Brun. Taille moyenne. Signe distinctif : aucun. Nom de famille : Martin. Le PDG d’Eurofins, Gilles Martin, 58 ans, a la discrétion dans le sang. Pas autant qu’Emmanuel Besnier, le patron de Lactalis, qui a longtemps veillé à ce qu’aucune photo de lui ne circule, mais presque : Gilles Martin a ainsi refusé de poser pour Le Monde. « Une habitude. Je n’ai pas le culte de la personnalité, comme certains dirigeants américains. Au contraire… », se justifie l’intéressé, qui fuit les mondanités. Au sein de l’establishment, presque personne ne le connaît !
Cependant, depuis l’entrée du géant de la bioanalyse au CAC 40, le 17 septembre, difficile d’échapper à l’attention. Surtout que l’histoire est belle.
Elle démarre au début des années 1980, lorsque les époux Martin, Maryvonne la physicienne et Gérard le chimiste, enseignants-chercheurs à l’université de Nantes, mettent au point un procédé d’analyse par résonance magnétique nucléaire permettant de déceler l’origine du sucre dans le vin. Quelle était la probabilité que les Pierre et Marie Curie de la chaptalisation engendrent le Steve Jobs de la bioanalyse ?
Gilles, leur aîné, a déjà créé plusieurs jeunes pousses durant ses études à l’Ecole centrale Paris, et même travaillé aux Etats-Unis dans le domaine de l’intelligence artificielle. Il a 24 ans quand, en 1987, ses parents lui confient le soin d’exploiter leur brevet racheté au CNRS. « J’ai réalisé très jeune que j’étais moins brillant que mes parents et que mon frère, qui est un génie en maths. Je voyais aussi combien le système universitaire manquait de moyens. J’ai compris très tôt que l’entrepreneuriat était le chemin qui m’apporterait l’indépendance », professe l’intéressé.
Les premiers pas d’Eurofins se font au sein du « laboratoire Martin », comme l’unité de recherche était alors désignée : « Ça n’était pas très bien vu à l’époque. Il y a eu des critiques sur le thème “vous avez capté de l’argent public et vous développez une entreprise privée”, mais c’est la vie normale des labos, témoigne Gérald Remaud, professeur à l’université de Nantes, membre de la cellule originelle. Nous étions une poignée. Gilles Martin bossait énormément. Il savait où il voulait aller. Il avait de l’instinct et de l’ambition pour l’entreprise naissante. »

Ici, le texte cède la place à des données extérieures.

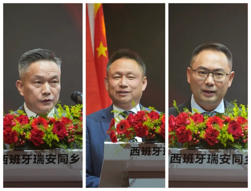 从左至右:西班牙温州同乡会会长郑晓光、西班牙青田同乡会会长朱晓海、西班牙华侨华人协会主席南俊致辞。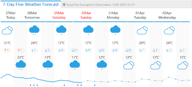March 28: Most of Guangdong will see moderate thunderstorms, with some areas experiencing heavy to torrential rain, strong winds, and short-term heavy downpours. Temperatures will range from 13-16°C in northern Guangdong and 16-22°C in other areas.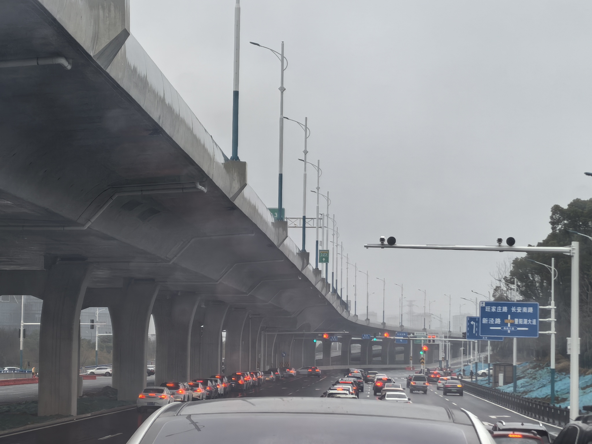 这边路口的灯和道设置的都不合理,从高架下来的车,对向车道左转的车要是不悠着点开,都能撞一起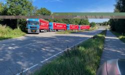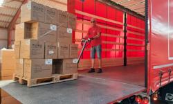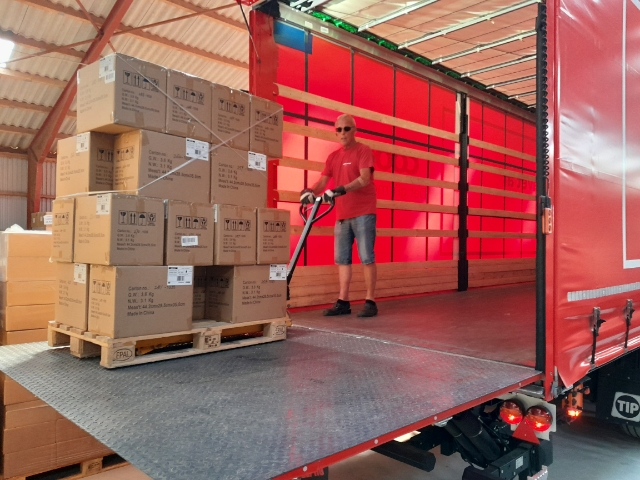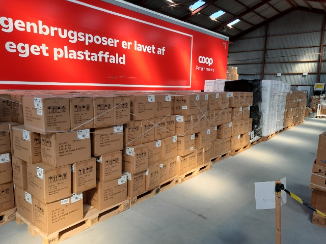 Wednesday 1 September 2021 at 11.30 AM the 263,000 visors - a total of 111 pallets - arrive at Global Medical Aid's warehouse in Skibby, Zealand. They are driven from Coop's warehouse in Odense.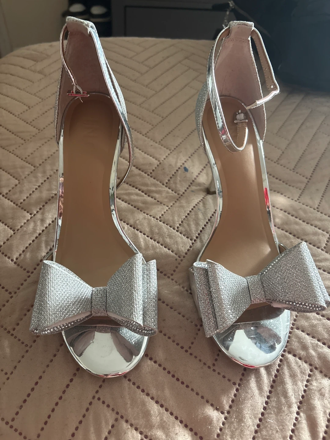 Buy & SellSilver Glitter Bow Heels - Size 8 1/2Silver Glitter Bow Heels - Size 8 1/2$15These are a cute pair of silver glitter heels with a bow detail! They are a size 8 1/2 and would be perfect for a special occasionConditionNewSize8.5BrandInc0 chats·0 favorites·13 viewsSELLERverifiedDanielaCorona600 reviewsWHERE TO MEETCheck Location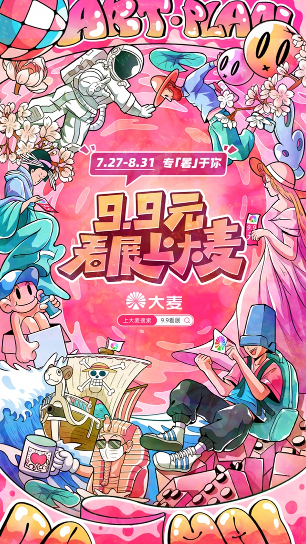 7月27日,大麦发起暑期展览“大众艺术计划”,联合全国数十家展商推出线上免费云看展、9.9元特惠线下看展、达人探展攻略、淘麦VIP艺术衍生周边等多重超值福利,以期在丰富暑期档线下文娱消费内容的同时,助力优秀展览艺术普及。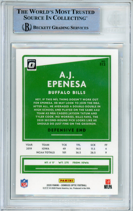 Very low stock (1 unit)$159Unit price /Unavailable2020 Donruss Optic #112 AJ Epenesa RC Buffalo Bills BGS Autograph 10

« Ce qui m’importe, c’est le contrôle de l’entreprise »
Gérard et Maryvonne, Gilles et son frère Yves-Loïc – qui a rejoint par la suite Eurofins – se partagent le capital de la petite affaire au sein d’une société en commandite, Analytical Bioventures, qui laisse les pleins pouvoirs à Gilles. « L’argent n’est pas ma motivation. Il était inconcevable pour moi de devenir riche tout seul. Ce qui m’importe, c’est le contrôle de l’entreprise. Tant que j’en serai le dirigeant, je veux conserver 100 % des droits de vote dans la holding », souligne-t-il. Le contrôle, première obsession.